My idea is to pass the id_E variable to the user update page, so that when a user logs in it goes straight to the update page that belongs to it.

 

Do I make sense?

 

 

[shedokan]

The problem is that you don't save the user's id or anything in the session, so people that are not logged in can view all pages.

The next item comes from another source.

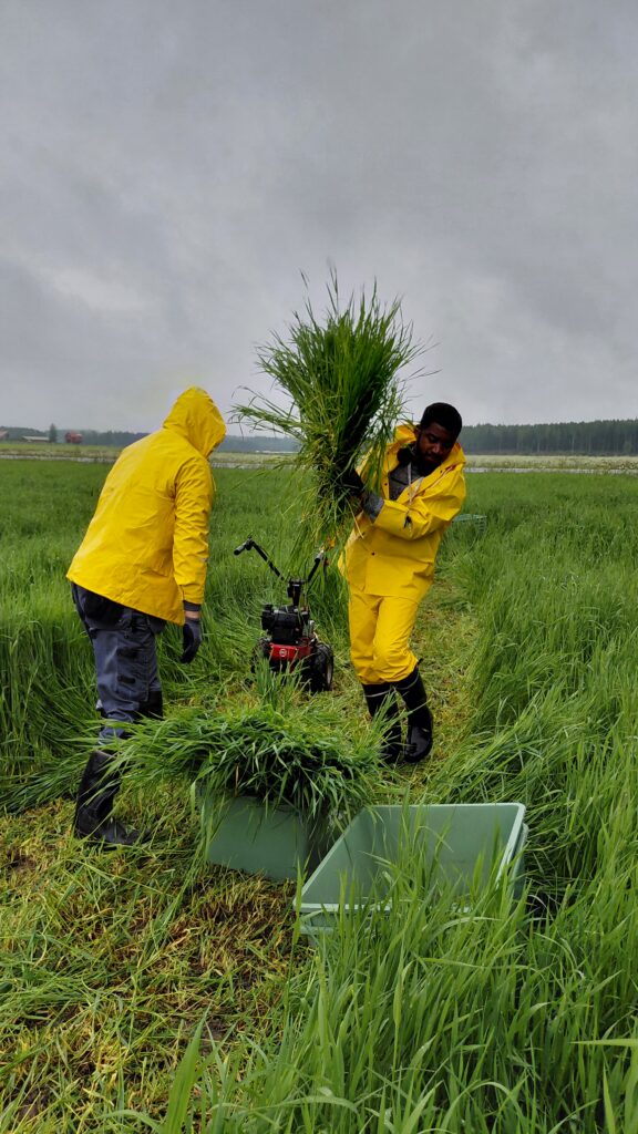 Last summer was the first season in the PRIMARY project for grass harvesting for green biorefining. We targeted pure timothy and red clover swards in Jokioinen, Finland. Summer 2025 was very rainy, which was good for grass growth. The humid conditions did however challenge the harvesting procedures and raincoats were very much needed during the field work… Under our pilot-scale conditions, the grass biomass collected could be luckily dried artificially so that we did not need to work with suboptimal raw materials. However, the risk of unfavourable harvesting conditions is inevitably something that is faced occasionally in practice as well.

So that user can change the page from PC_asociados_update.php?id_E=1 to PC_asociados_update.php?id_E=2 manually and you will allow him.

 

You need to save the user's id, username and password in the session and at the load of each page check it in the database.

[lingo5]

OK I see. I don't know how to do that. Could you please help?. I'm really stuck with this. Thanks for your help

[shedokan]

This has turned to be more than application design thread, ask for help in the help forum.

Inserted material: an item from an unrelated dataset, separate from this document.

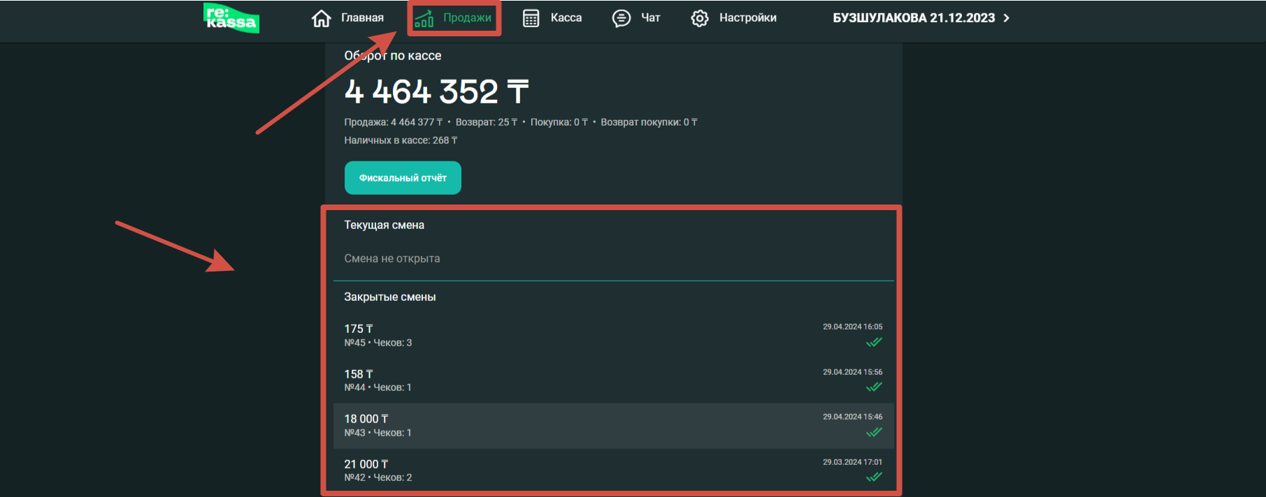 В разделе "Продажи" можно посмотреть Ваши смены и пробитые чеки

you can also try some different tutorials on user login systems in php.

 

I'm sorry I can't help you here.

[Tohou]

Read most of the replies here, as it seems people are really using weird methods when it comes to multi-user login/user stuff, instead of adding on to this weird stuff, You should write your own class.

 

It's pretty simple

 

DB: username, password, time, session, logged, ip

 

on login set unique session id and ip set session code to cookie and DB, set ip to DB

on page view, check cookies, match session and users ip with DB entry

set particular $_SESSION ie: $_SESSION['user_logged'] to true and $_SESSION['username'] to Cookie value

if $_SESSION['user_logged'] allow access

Use $_SESSION['username'] to determine users actual username.

 

Pretty simple.

 

If sessions aren't cool set them with class functions ie:

 

class system {

function loaditbish($user,$logged) {
$this->logged = $logged;
$this->user = $user;
}

}

$sys = new system;
$sys->loaditbish($user,$logged);
if ($sys->logged == true) echo 'Happy crazy fun time';

 

[shedokan]

Read most of the replies here, as it seems people are really using weird methods when it comes to multi-user login/user stuff, instead of adding on to this weird stuff, You should write your own class.

 

It's pretty simple

 

DB: username, password, time, session, logged, ip

 

on login set unique session id and ip set session code to cookie and DB, set ip to DB

on page view, check cookies, match session and users ip with DB entry

set particular $_SESSION ie: $_SESSION['user_logged'] to true and $_SESSION['username'] to Cookie value

if $_SESSION['user_logged'] allow access

Use $_SESSION['username'] to determine users actual username.

 

Pretty simple.

 

If sessions aren't cool set them with class functions ie:

 

class system {

function loaditbish($user,$logged) {
$this->logged = $logged;
$this->user = $user;
}

}

$sys = new system;
$sys->loaditbish($user,$logged);
if ($sys->logged == true) echo 'Happy crazy fun time';

 

what if someone hacked into someone's account and the real account owner changed the password? the account will be still logged in.

He should check if the username and password are valid for each page.